English 241

Early American Literature

Spring 2003

 

 

 

TRANSATLANTIC TIMELINE (1800 – 1865)

 

This timeline incorporates course readings together with historical and cultural events in the Americas, Europe and Africa.  It derives some material from Peter Bergman, The Chronological History of the Negro in America (1969).

 

 

1800                 In Virginia, Gabriel Prosser organizes, gathers arms, and nearly executes a slave revolt.  Over 1,000 slaves gather outside Richmond on the night of Saturday, August 30, armed with scythes, bayonets, and a few guns.  They plan to storm the city, seize the arsenals, and kill all whites except Frenchmen, Methodists and Quakers.  Prosser plans to attack other towns and declare himself king of Virginia.  A storm the previous night made a crucial bridge impassable, and two slaves betray the planned revolt to Virginia’s governor, who calls out the militia.  More than 30 slaves are hung.  Persistent rumors of slave revolts spread through Virginia and the Carolinas.

 

1800-1900         During the 19th century, approximately 4 million African slaves are brought into Latin America.  

1801                 The United States purchases the Louisiana Territory for $15 million, containing what is now Arkansas, part of Colorado, Iowa, Louisiana, part of Minnesota, Missouri, part of Montana, part of North Dakota, part of Oklahoma, South Dakota, and part of Wyoming.  In Virginia, another planned slave revolt where the leaders sought to annihilate whites because “if all white people were destroyed, they would be free”; two slaves hanged.  In Haiti, Toussaint L’Ouverture becomes ruler of island.

1802                 Slave conspiracies reported in six counties of North Carolina; about 15 slaves executed.  In Virginia, suspicions of slave insurrections plague the state, leading to mail interception, arrests, floggings, banishments, and hangings.  White men reportedly join a slave conspiracy in Halifax, Virginia. 

 

1803                 In Haiti, Napolean sends a division-size expeditionary force to reconquer the island; it is defeated.  Toussaint L’Ouverture is seized at peace negotiations and sent to France; he dies in a prison in the Alps in 1803.  Napolean restores slavery in Martinique and Guadeloupe.   Jean Jacques Dessalines succeeds Toussaint L’Ouverture and defeats a second French divisional expeditionary force. 

 

1804                 General Thomas Boude purchased a slave, Stephen Smith, and took him to Pennsylvania and freedom.  Smith’s mother escapes and joins them; the Boudes refuse to surrender her.  Incident often cited as the beginning of the Underground Railroad.  In Haiti, independence declared; Dessalines proclaims himself governor for life; whites either killed or forced to flee.  Dessalines abolishes slavery, but institutes forced labor.

 

1805                 Reports of slave revolt plots in the Carolinas, Virginia, Maryland, and New Orleans.

 

1806                 In Haiti, Dessalines is assassinated.  In Argentina, one of the five battalions formed to defend Buenos Aires against the British is composed of blacks.

 

1807                 In the United States, Congress passes a law prohibiting the importation of slaves after the end of the year.  Fines imposed of $800 for knowingly buying an illegally imported African, and $20,000 for equipping a slave ship.  The law is widely violated.  In Brazil, the first of a series of slave revolts by African Moslems, continuing until 1835.

 

1808                 The slave population in the United States reaches the million mark.  Just over 13 percent are free; the rest are slaves.  African Americans represent about 19 percent of the US population.

 

1809                 Washington Irving publishes A History of New York; succeeds as first professional writer in the United States only in 1820, with The Sketch Book.  In Virginia, Jefferson writes a letter to Abbe Gregoire arguing that racial segregation is necessary to preserve the “dignity” and “beauty” of the white race.

 

1811                 In Louisiana, major slave revolt of over 400 armed slaves in the parishes of St.
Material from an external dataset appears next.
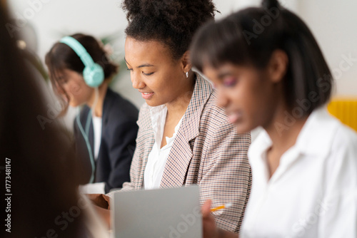 Diverse young women are engaged in focused work within a modern office setting. They are concentrating on tasks, utilizing laptops, and taking notes collaboratively.

Charles and St. John the Baptist.  One of the leaders is Charles Deslondes, a free mulatto from Santo Domingo.  White population flees to New Orleans.  Militia called out; 66 slaves killed and dozens more executed later.  Decapitated slave heads hung at intervals on the road from New Orleans to St. Charles parish.  In Cabarrus County, North Carolina, a military force is sent to eliminate a Maroon community; several killed.

 

1812                 Before the outbreak of the War of 1812 in December, Virginia congressman and slaveholder John Randolph warns on the House floor that slave revolts are far more dangerous than the British.  During the war, African Americans make up a sixth of seamen in the US Navy.  In New York, the General Conference of the Methodist Church adopts a resolution that no slave-owner who did not manumit his slaves (if legal in that state) was eligible to be an elder in any Methodist church.

 

1814                 In the District of Columbia, the British set the White House afire; African battalions fight at the Battle of New Orleans; the United States and Britain sign the Treaty of Ghent, ending the war.  Treaty calls for restoration of slaves who took sanctuary with the British forces; in 1826, Great Britain pays $1.2 million compensation for slaves who were not returned.

 

1815                 Lydia Sigourney, one of the most popular poets of 19th-century America and near-unknown today, publishes her first work.  She publishes more than 50 books by her death in 1865, inspiring later generations of 19th-century women who sought economic independence through writing.

 

1816                 In the District of Columbia, Henry Clay, Francis Scott Key, and John Randolph are in attendance at the founding of the American Colonization Society, whose purpose is to ship blacks back to Africa.  Clay praises the society’s aim to “rid our country of a useless and pernicious, if not dangerous, portion of its population,” the free African Americans.  In South Carolina’s marshes, major general Youngblood conducts a military campaign against armed Maroon communities; he reports capturing or killing all Maroons.

 

1817                 In Philadelphia, Richard Allen and James Forten organize a protest meeting at Bethel Church against the American Colonization Society’s efforts to exile African Americans.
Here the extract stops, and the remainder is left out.